Akari wanted to know how quickly I could learn a skill. Annabelle had a couple I hadn’t picked up yet, so I asked her to demonstrate Magical Research to me. She took us into an underground area beneath the pagoda I never even knew existed, and into a large chamber sealed behind a thick, metal door sealed with several sturdy locking mechanisms. I asked what was so valuable in there that merited so much security, and Akari explained that it wasn’t meant to stop people from coming in.
“You saw her explosion. That was a tiny fraction of what she can do when she goes all out. Now imagine what would happen if something she was tinkering with accidentally went off with that kind of power.”
“It’s not security, it’s containment,” I said. “So she doesn’t blow up the entire arena and everything around it.”
"It's bound to happen eventually," Akari said, nodding.
“Can you please stop talking about me like I’m not here?” Annabelle said.
Looking around the interior of the sealed chamber, I recognized her Artifice forge amid the very organized mess of books and apparati that would’ve been perfectly at home in any mad scientist’s lab. Annabelle's long purple ponytail bounced as she perched herself on a stool in front of a long table covered in diagrams of magic circles.
She showed me a piece of paper with a partially-completed magic circle drawn on it, then pushed her glasses up on her nose and started explaining how the exact symbols and patterns in a magic circle — runes she called them — contained the recipe, as it were, for the spell or effect it created.
Her Magical Research skill was how she came up with new spells by figuring out the right combination of runes and how to incorporate them into a new magic circle to achieve the desired effect. She called the circles formations.

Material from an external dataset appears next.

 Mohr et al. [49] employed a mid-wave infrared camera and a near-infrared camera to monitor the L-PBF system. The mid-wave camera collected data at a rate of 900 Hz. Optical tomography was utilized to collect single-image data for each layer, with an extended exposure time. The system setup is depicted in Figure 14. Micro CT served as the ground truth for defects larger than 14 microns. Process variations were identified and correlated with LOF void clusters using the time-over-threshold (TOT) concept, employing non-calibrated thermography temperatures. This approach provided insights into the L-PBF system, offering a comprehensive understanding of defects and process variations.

System: You know Magical Research
“Okay, I got it,” I said, then took a blank piece of paper and sketched out the circle for the levitation spell that she’d used to float down from the top of the pagoda, the same one I’d recreated to lift everyone out of the catacombs. I then described the various runes in it and how they worked together to create the effect.

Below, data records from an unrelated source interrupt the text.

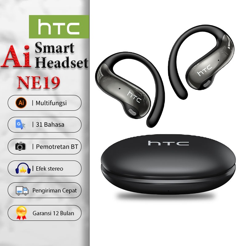HTC NE19 Headset Bluetooth Terbuka Pintar, AI Peredam Bising, TWS Bass Berat, OWS, Bluetooth 6.0 Nirkabel Earphone IPX5
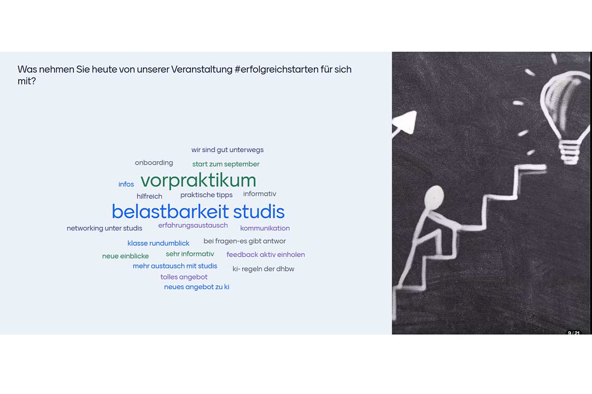 Der Start ins duale Studium stellt für Unternehmen wie auch für Studierende eine entscheidende Phase dar. Welche Faktoren machen den Einstieg erfolgreich – und wie können alle Beteiligten dazu beitragen? Diesen Fragen widmete sich die elfte Ausgabe der Veranstaltungsreihe DHBW Live: Let’s talk about… zum Thema #erfolgreichstarten
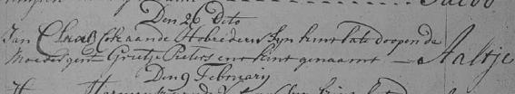 | 8. | v | Aaltje (Aaltje) Jans KOK [16528]. Geb. ±01-1755 te ? (bron: ?), ged. (NG) op 26-01-1755 te Beemster (bron: DTB Beemster inv nr 2b). Overl. ? te ? Begr. ? te ? |
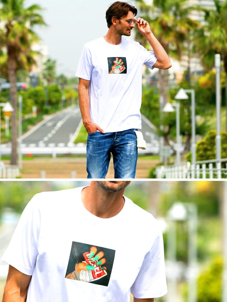 ・フォトプリントがアイキャッチなクルーネック 半袖 Tシャツ

“Hold on,” Akari said. “You’re saying you didn’t understand this when we came down here.”
“I’d never even heard of runes and formations here before this.”
“But now you know it.”
“Just the basics.”
“Anna, how long did it take you to learn the basics?”
Annabelle had been staring silently at the circle I’d drawn. Akari snapped her fingers in front of her sister’s face. “Hello?”
“Months,” she said. “It took me months to get to this point and I was considered a genius.”
Akari whistled between her teeth. “You weren’t kidding, you really do learn fast.”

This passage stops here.